本記事では前回に引き続き、「Nikon D850 をもっと楽しむ撮影モード」から「多重露出」機能を使った「比較明合成」の設定方法を紹介します。
比較明合成で軌跡を撮影する
D850 の多重露出の合成モードには、画像内の明るい部分を重ねる「比較明合成」と暗い部分を重ねる「比較暗合成」も用意されている。
カメラ内で比較明合成と暗合成が可能
D850の多重露出の「合成モード」には、前回で述べたように「比較明合成」と「比較暗合成」も用意されている。
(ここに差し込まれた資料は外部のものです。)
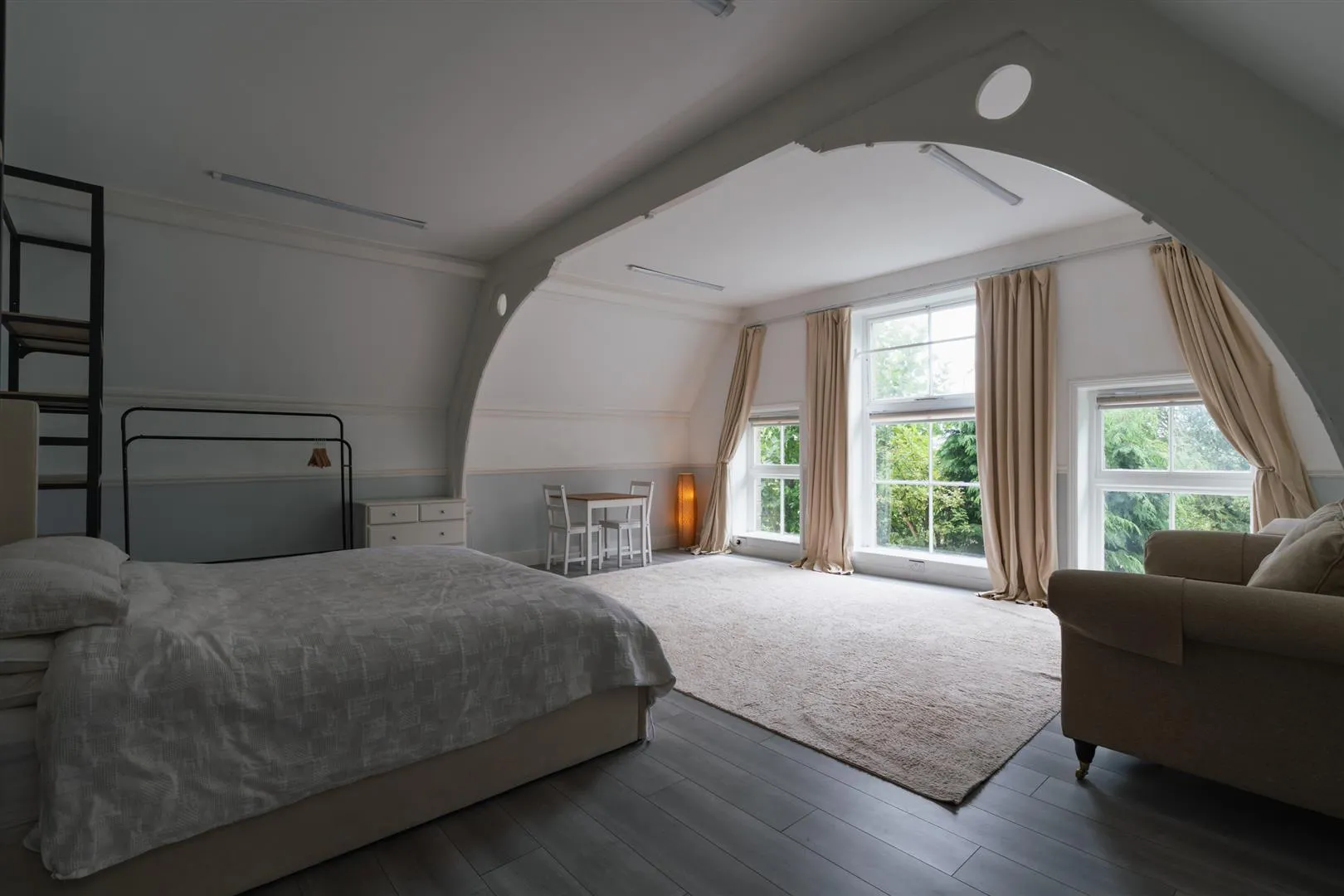 A large master bedroom sat beneath a vaulted ceiling with an exposed timber truss. Having a side facing timber glazed window, side facing timber glazed panels, strip led lighting, dado rail and timber effect flooring with under floor heating.

このうち前者は画面内の明るい部分を重ねるもの、後者は暗い部分を重ねるものだ。従来、これら画面内の一部分のみを重ねるには、フォトレタッチソフトでレイヤーの描画モードを変更するという方法を用いていたが、D850ならば最大10コマまでならば、カメラ内だけでこの作業ができる。このうち、「比較明合成」は画面内の明るい部分を重ねる合成モードなので、星の軌跡や花火、車の軌跡などを複数枚合成する用途に使えるというわけだ。
多重露出の設定手順
STEP.1 メニューボタンを押す
多重露出・比較明合成および比較暗合成を行うのも、前ページと同じようにあらかじめ「静止画撮影メニュー」の「多重露出」で設定をしておく必要がある。そこでまずはメニューボタンを押して静止画撮影メニューに入る。
STEP.2 「多重露出:する」に切り替える
多重露出の撮影を連続して行うか、一度だけにするかを決める。
STEP.3 「合成モード」を選ぶ
「合成モード」と「全画像の保存」をどうするかを決める。「比較明合成」を使うならここで設定する。
合成モード「比較明合成」での多重露出の撮影手順
STEP.4 「比較明合成」を選ぶ
画面内の明るい部分を重ねるのが「比較明合成」で、暗い部分を重ねるのが「比較暗合成」だ。軌跡は画面内の明るい部分なので、ここでは「比較明合成(LIGHT)」を選ぼう。
STEP.5 コマ数を選ぶ
できるだけたくさんの軌跡を画面に写したいので最大限の10コマを選ぶ。
STEP.6 長秒時ノイズ低減をオフに
「長秒時ノイズ低減」を「しない」に設定する。そうしないと1コマ撮影するたびに同じ露光時間のあいだに撮影できなくなってしまうからだ。
STEP.7 露出ディレーも設定する
軌跡を撮影するのであれば三脚使用は必須だ。そのうえで、ぶれ対策をきちんと行う必要がある。露出ディレーもそのひとつ。筆者は3秒に設定している。
STEP.8 電子先幕シャッターも使おう
多重露出のあいだはライブビューは使用できない。構図決定や露出の設定にライブビューを使い、そのあとでファインダー撮影にしてから撮影する。そこで、ぶれ対策としてファインダー撮影も可能な「電子先幕シャッター」と「静音連写モード(Qc)」を使用した。